COVID-19 delays Harriet Tubman Museum opening; virtual tours held on Juneteenth

The Harriet Tubman Museum in Cape May was scheduled to open on Juneteenth, but COVID-19 forced delays. The museum is now offering virtual tours for the holiday.

News 12 Staff

Jun 19, 2020, 10:20 PM

Updated 1,581 days ago

Share:

The Harriet Tubman Museum in Cape May was scheduled to open on Juneteenth, but COVID-19 forced delays. The museum is now offering virtual tours for the holiday.
“Harriet Tubman, she didn’t let anything stop her and we as the Harriet Tubman Museum can’t be wimpy and let coronavirus stop us, so we have kept the work going and we’ve gotten to this date,” says museum president Bob Mullock.
June 19, or Juneteenth, commemorates the date that the last slaves were freed in the United States following the Civil War. The museum was supposed to open on this day, but the virus caused some construction delays. The museum is instead showing off the exhibits virtually, while explaining Tubman’s connection to Cape May.
“One summer, 1852 we know for sure, and there may have been others, she came to Cape May to work, to earn money,” says Barbara Dreyfuss, with the museum’s Board of Trustees. “After she was here that summer, she went back to the Eastern Shore. She freed nine more people. Newspaper accounts that you’ll see in the museum say she came back to Cape May with those people.”
Cape May was also the summer home for Philadelphia abolitionists.

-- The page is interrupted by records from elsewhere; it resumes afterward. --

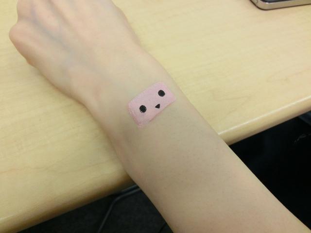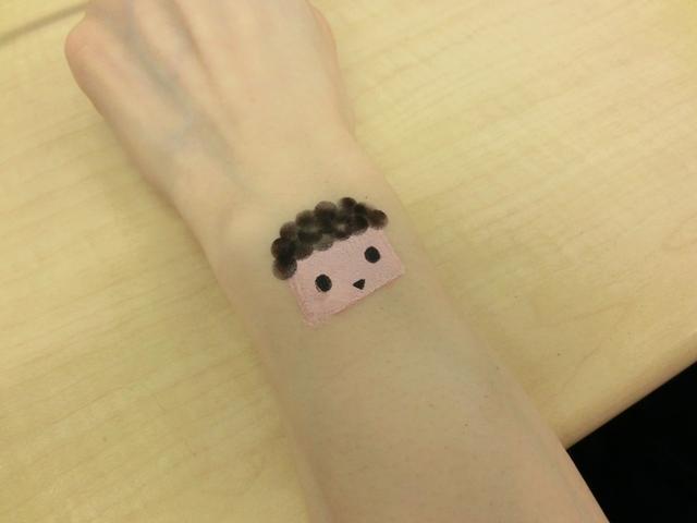 今回、実際に届いた商品を使って、簡単なボディペイントをしてみた。型を肌に当て、ブラシのレバーを引くだけで、簡単にペイントすることができ、簡単なキャラクターであれば、数分で描けてしまった。もちろん、今回が初の試みだったこともあり、何度か練習を重ねてコツをつかめば、もっとカラフルで高度なペイントも可能になるかと思われる。また、単色を使った模様だけであれば、さっと数秒で終了してしまう。現地担当者の説明通り、石鹸と水で簡単に洗い流すこともできた。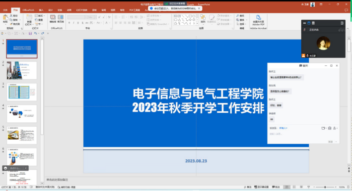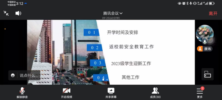 2023年8月23日15时,太阳成城集团tyc234cc官网召开了2023年秋季研究生开学主题班会,通过线上会议的方式,分别在研究生新生班级和老生班级召开。两场会议由公司研究生会主席尚玉豪同学主持,康玮辅导员主讲,对秋季开学的工作安排和返校注意事项进行详细说明,为顺利开展返校工作做好充分准备。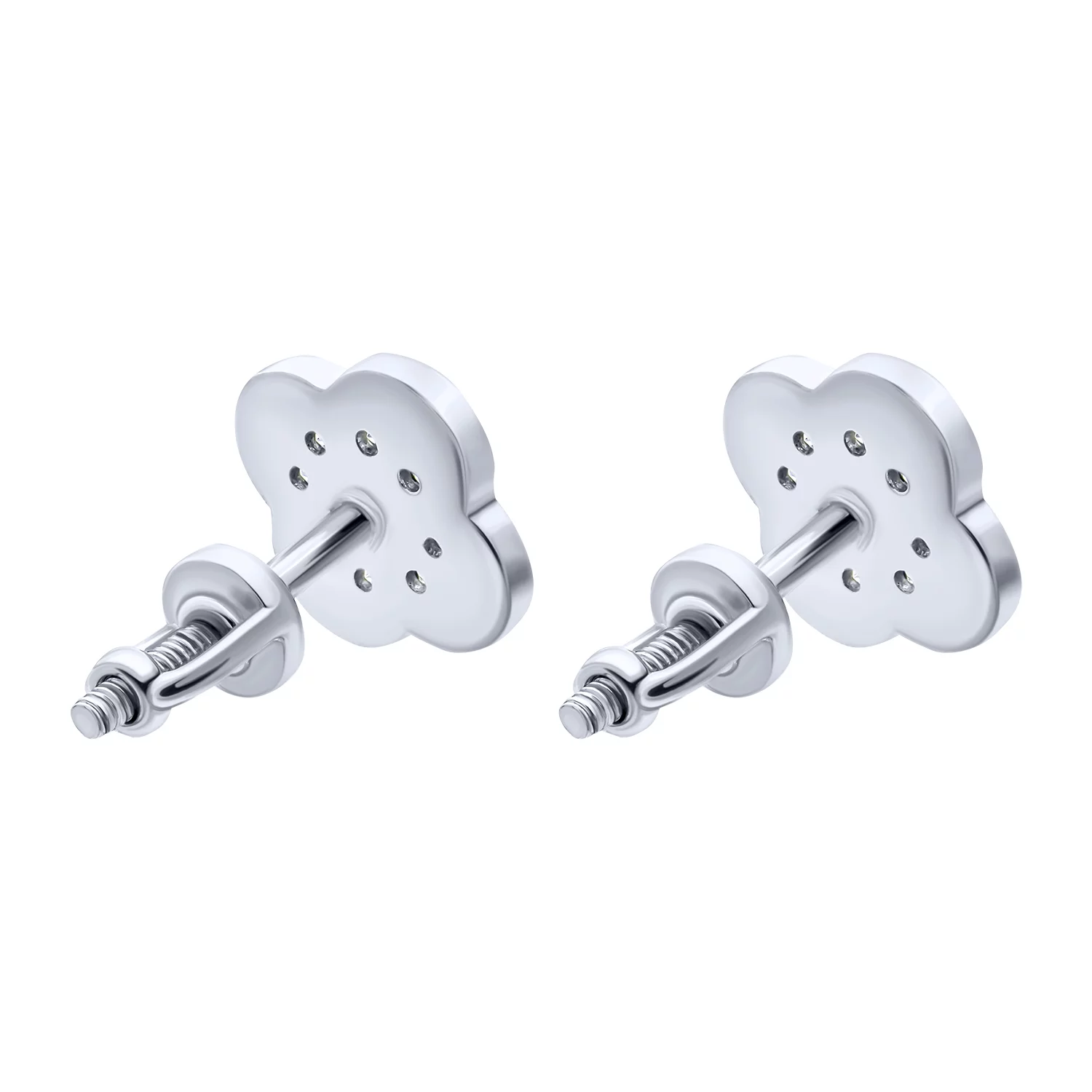 Серебряные стильные сережки-пусеты "Клевер" с ониксом и фианитами - 1940309

Museum officials say that they will showcase the rich history that many people have forgotten.
“As we’ve put this museum together, it’s like an onion that peels so many different stories,” says Mullock. “In fact, we’ve changed our theme as to the small museum with a big story, because it has great stories of slaves escaping across the Delaware Bay.”
The Board of Trustees says they decided to go ahead and open virtually with the opts of educating the public, especially during today’s social climate.
“Now I think there’s an awakening amount much of America that didn’t understand that the issues of the 1840s and 50s and 60s and the abolitionist movement and the fight for equality in the Civil Rights of the 60s, they didn’t understand that those efforts need to continue because that equality hasn’t been won,” says Dreyfuss.
The Smithsonian has named the Harriet Tubman Museum as one of the most-anticipated museum openings of 2020. Construction on the museum is expected to be complete by the end of June. It is set to open by mid- to late-July.